The Relationship Between Attachment and Addictions
TLC Guest Blogger: Lori Gill, M.A.
We know we are born primed for connection, with the most significant relationship in a child’s life being his or her primary caregiver – but what happens when this does not occur? These relationships help us learn to self-regulate, develop a sense of self-worth and act as an emotional template for future relationships, shaping our view of people and the world around us. When these relationships are conflict-ridden, the outcome may lead to challenges with forming and maintaining future relationships (Perry, 2001).
Mate (2008) suggests that individuals with addictions are constantly seeking something outside of themselves to alleviate their insatiable need for relief and fulfillment. It is as a result of this longing and emptiness that individuals pursue substances or other self-harming/self-soothing behaviors, with the hope that it will provide some relief. Andrews (2010) further supports that it is through this fight to regulate and ultimately survive that the litany of behaviors begin, behaviors that will temporarily give relief from fear and the pain they suffer.
Mate (2008) indicates that addictions — regardless of the form they take — always result from pain, conscious or unconscious, with the addiction serving as an “emotional anesthetic.” It is human nature to want to be seen, to feel worth, and to have the connection. When this does not occur, we feel the void and seek desperately to fill this in any way we can. However, without intervention and support, individuals will remain in a state of despair, constantly seeking something to fill the void, potentially shifting from one addiction to another in attempt to find some relief.
I have used TLC’s “Adults and Parents in Trauma” program to very effectively target underlying issues at a deeper sensory level. I remain humbled and amazed by my clients’ experiences and have observed that many, in spite of some unfathomable and violent traumas, identify their most significant trauma as something relating back to early childhood experiences of disrupted attachment. This supports the notion that at our core, we all just truly want and need to be loved. It is not the addiction that is the problem; this is just the bandage used in attempt to cope with the underlying problem. As clinician’s we need to help our clients find alternate options to heal their hurts.
How to help:
Compassionate Care: Trauma-informed treatment includes shifting to a place of compassion and awareness rather than blaming or questioning, asking instead “What happened to you?” This helps to understand what function the addiction serves and determine the underlying issue.
Education and Awareness: Becoming trauma informed and being able to share this information with clients in a compassionate manner is essential. Helping clients understand the automatic and subconscious processes of the brain and the automatic brain response patterns that develop. The brain seeks to find meaning from our experiences when we have previously used substances as a form of coping. The brain acts for us: “I know this feeling. When I feel this way I do this. This helps me feel better.” When we provide education and awareness to our clients, it leads to permission for compassion for self and awareness.
Empowerment and Nurture: We need to help individuals learn to nurture themselves and become empowered through new resources and increased awareness. Although addiction behavior is not ideal and not helpful in the long run, it is what is holding them at this time, perhaps even keeping them alive. It is an attempt to cope rather than just succumb to the pain. Our role as clinicians is to help expand their toolkit with items and strategies that nurture them. Yoga, sensory distraction, mindfulness and affirmation statements are all excellent tools.
Connection and Opportunity: The significance of attachment is that we are born primed for attachment.

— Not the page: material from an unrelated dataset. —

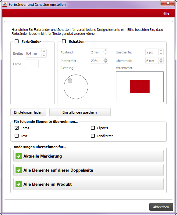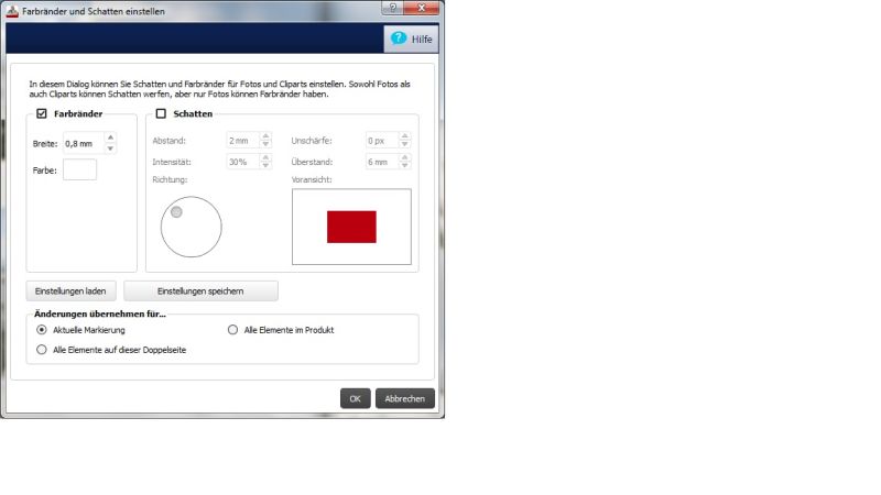 Da ich meine Freude darüber gerne mit Ihren teilen möchte, werde ich hier nochmal ein bisschen mehr ins Detail gehen. Seit Schatten auch hinter Texten möglich sind, hat dies zu einigen Unstimmigkeiten geführt. Wollte man alle Schatten in einem Produkt anpassen, hatte man nun schnell Schatten auch hinter Textelementen, was nicht gewünscht war. In den Rahmen- und Schatteneinstellungen finden Sie deshalb zukünftig die Möglichkeit eine Auswahl zu treffen, auf welche Elemente Sie Ihre Einstellungen anwenden möchten. Hier ein Screenshot dazu:

If we don’t experience this, learn how to self-regulate, learn self-worth and learn how to form healthy relationships, this can impact us throughout life. Insight into the impact our early life experiences have had and providing opportunities to develop self-worth and inner awareness can shift this blueprint. Helping clients to experience authenticity, while tuning into their needs and wants, can be incredibly empowering. Working through what a healthy relationship looks like, with one’s self and others, and providing opportunities for connection can help reconstruct this blueprint.
Lori will be presenting on addictions, The Secret World of Substance Abuse, at this year’s TLC summer assembly. This is a fantastic learning and networking opportunity. To register or learn more, visit http://www.starrtraining.org/assembly2013#secret
Andrews, E. (2010). Being trauma informed [power point slides]. St. Catharines, Ontario, Canada: Art Therapy Services.
Perry, B. (2001). Bonding and attachment in maltreated children: Consequences of emotional neglect in childhood. Retrieved (July 15, 2011) from: www.childtraumaacademy.org
Mate, G. (2008). In the realm of the hungry ghost: Close encounters with addiction. Toronto, Ontario, Canada: Random House.